▸ Supplied material:
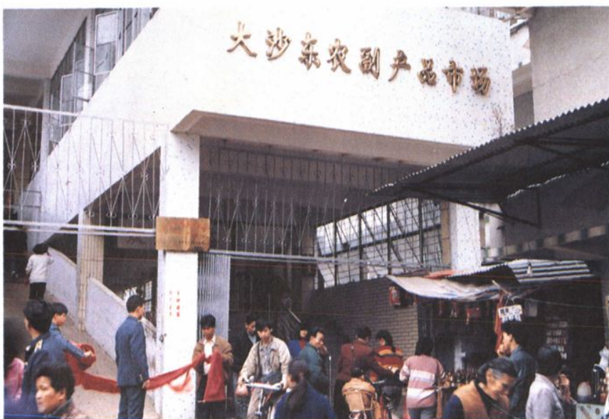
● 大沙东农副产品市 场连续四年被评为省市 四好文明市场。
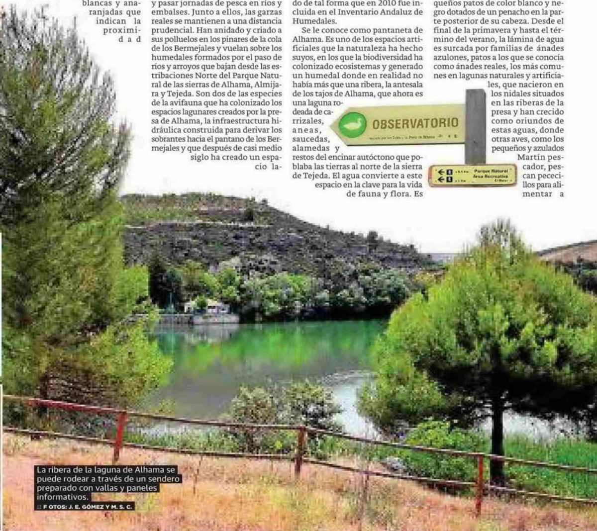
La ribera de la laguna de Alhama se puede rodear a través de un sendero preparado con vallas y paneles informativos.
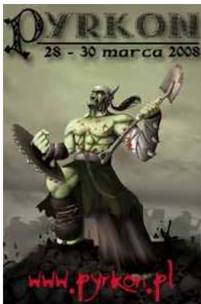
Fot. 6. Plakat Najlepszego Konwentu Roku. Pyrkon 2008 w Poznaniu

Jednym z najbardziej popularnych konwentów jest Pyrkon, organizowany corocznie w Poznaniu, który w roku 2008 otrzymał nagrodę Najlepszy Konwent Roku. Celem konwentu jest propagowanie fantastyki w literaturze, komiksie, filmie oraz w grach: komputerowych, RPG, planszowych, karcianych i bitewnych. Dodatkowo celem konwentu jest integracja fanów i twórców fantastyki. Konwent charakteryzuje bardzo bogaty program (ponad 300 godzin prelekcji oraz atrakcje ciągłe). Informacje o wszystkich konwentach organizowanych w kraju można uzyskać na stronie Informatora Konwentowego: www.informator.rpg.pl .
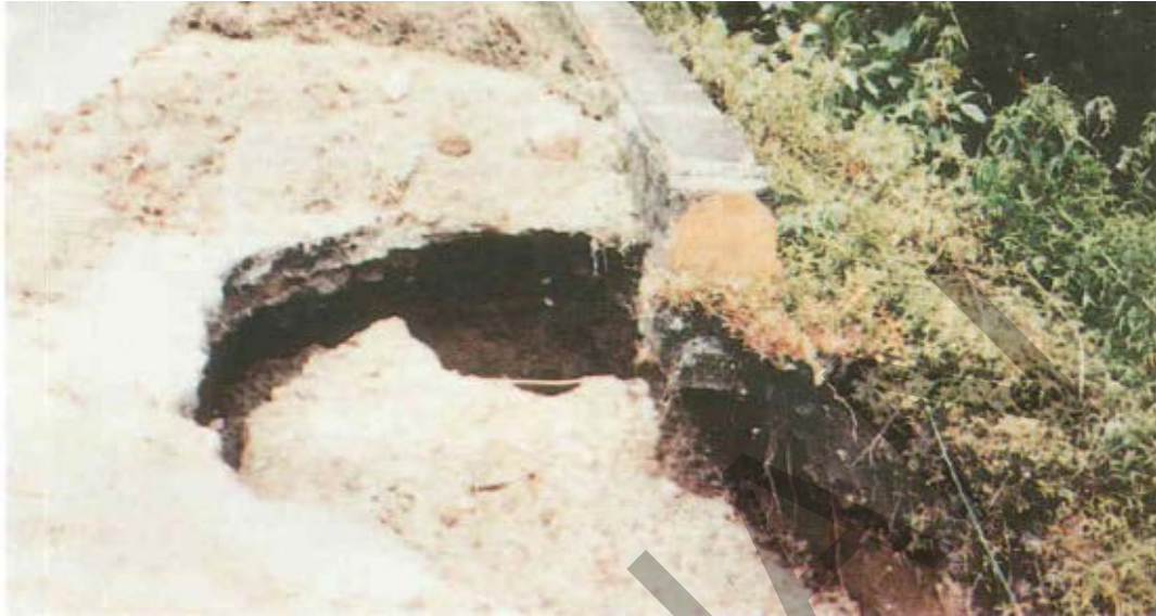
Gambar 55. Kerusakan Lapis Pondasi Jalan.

▸ Exercise aim: Your answer must consist solely of the lines from the one containing "Jednym z najbardziej" through the last line of the records above, copied exactly, with every picture left out.

▸ Exercise result:
Jednym z najbardziej popularnych konwentów jest Pyrkon, organizowany corocznie w Poznaniu, który w roku 2008 otrzymał nagrodę Najlepszy Konwent Roku. Celem konwentu jest propagowanie fantastyki w literaturze, komiksie, filmie oraz w grach: komputerowych, RPG, planszowych, karcianych i bitewnych. Dodatkowo celem konwentu jest integracja fanów i twórców fantastyki. Konwent charakteryzuje bardzo bogaty program (ponad 300 godzin prelekcji oraz atrakcje ciągłe). Informacje o wszystkich konwentach organizowanych w kraju można uzyskać na stronie Informatora Konwentowego: www.informator.rpg.pl .
Gambar 55. Kerusakan Lapis Pondasi Jalan.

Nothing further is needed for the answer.